While the history of hard drives continues to unfold, early attempts to mechanically store information go back centuries. In fact, it was the early days of the industrial revolution that gave rise to the technical concepts that power today’s hard disk drives.
In order to make silk weaving consistent, in 1725 a Frenchman named Basile Bouchon developed a paper tape that helped automate the looms that wove silk, making the manufacturing process more repeatable.
About 80 years later, another Frenchman, Joseph Marie Jacquard, produced a machine that used punch cards to control the silk-weaving looms and make complex patterns simpler to compose.
That same punch card innovation proved its value over time. In the 1880s an American, Herman Hollerith, developed a method for using punch cards to store data that was used for the 1890 US Census.
The cards were used well into the 20th century for control and basic automation in the earliest computing devices. In fact, Hollerith’s innovation helped found International Business Machines (IBM), a company which has defined the face of enterprise computing over the decades.
Indeed, in 1956 it was IBM that invented hard disk drive technology, with its RAMAC—“Random Access Method of Accounting And Control”—which offered a princely 5MB of data storage operated by a gigantic array of machines.
As IBM continued to innovate with HDD technology in the following decades, storage giant Seagate, founded by Al Shugart in the late 1970s, raised the ante for hard disk drive production, quickly becoming the largest independent global producer of HDDs.
Perhaps most importantly, casting its shadow over all this innovation was the humble punch card. It was the punch card method that led to the binary system of ones and zeroes that underpins modern computing and the development of read/write technology central to the history of hard drives.
Back to the Future
Fast-forwarding to today, punch cards are but a relic. Data storage now takes many forms, including magnetic (not paper) tape, magnetic hard disk drives, solid-state devices, and in the past decade the rise of cloud storage, which uses, depending on need, a combination of all of these technologies.
While hard disk drives have been around for some time, they remain top of the class for low-cost and reliable storage. Hard drives are proven performers, and are known quantities that chief financial officers, chief technical officers and their teams appreciate due to their well-established ROI.

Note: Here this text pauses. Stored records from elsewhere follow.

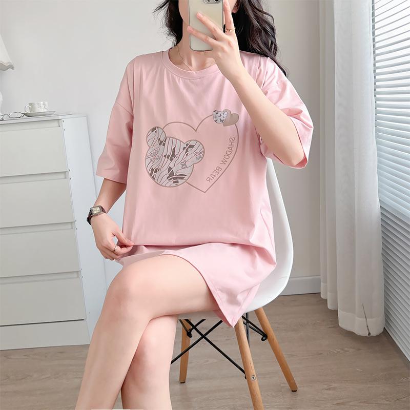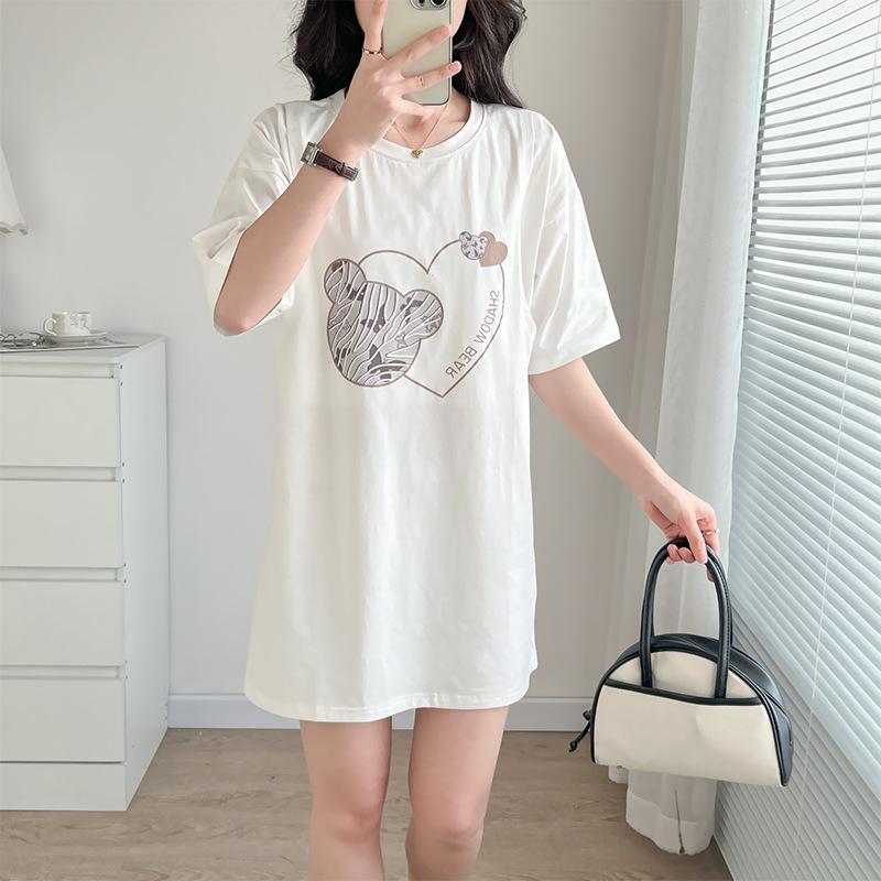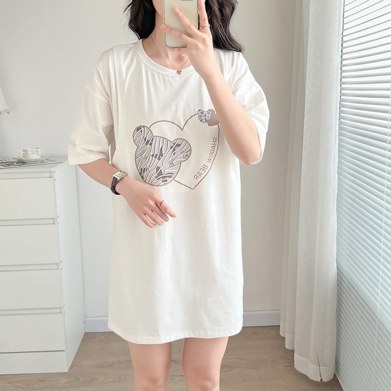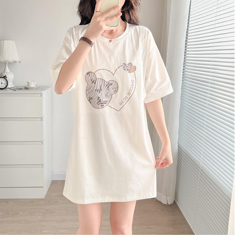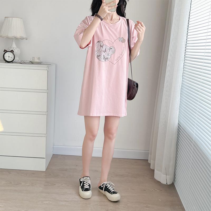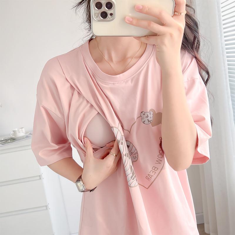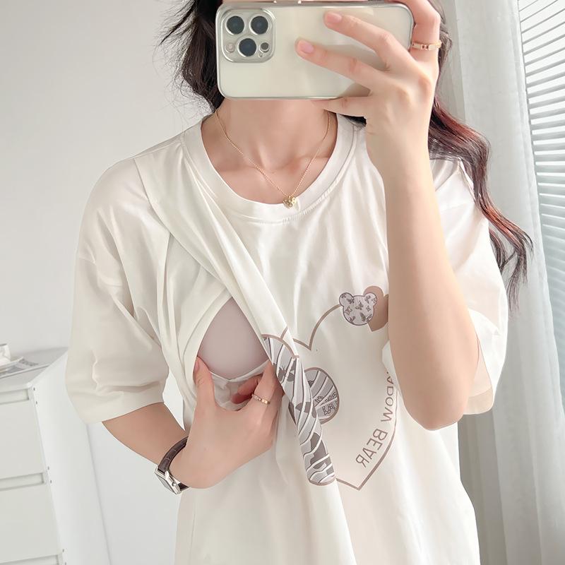 Camiseta de maternidad de verano de manga corta y largo medio, holgada, talla grande, de algodón, ropa de maternidad, ropa exterior posparto, ropa de lactancia
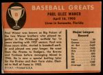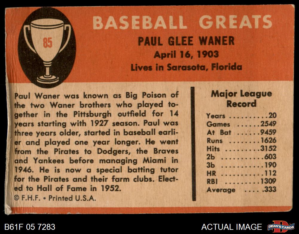 1961 Fleer #85 Paul Waner 1.5 - FAIR
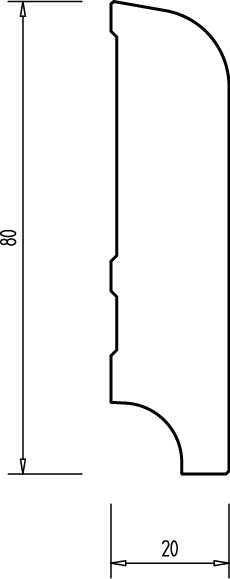 MDF 80x19x2400 mm Oberkante abgerundet (ohne Folie)
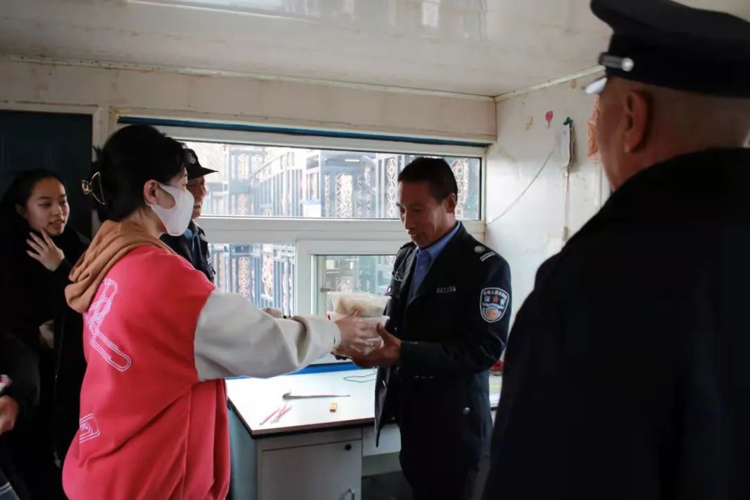 同学们把煮好的饺子送给刚刚清扫完校园树叶的后勤保洁人员、修理完寝室窗户的维修班师傅以及正在值勤的保卫处保安人员。热气腾腾的饺子驱散了初冬的寒冷,饱含着长旅学子对默默付出、辛勤工作的最可爱长旅人们的感谢。

As we look ahead to future developments in hard drive engineering, enterprise leaders Seagate and Western Digital (WD) are hot on HAMR (heat-assisted magnetic recording), while WD is simultaneously holding a candle for MAMR (microwave-assisted magnetic recording). Meanwhile, Seagate points to its deployment of dual actuator technology as a means of unlocking additional input/output operations per second for improved read/write performance.
Then there’s the adoption of shingled magnetic recording (SMR), set to further boost capacities. Even amid advances in the NVMe-oF protocol and the rise of composable infrastructures, it’s an exciting time for HDD.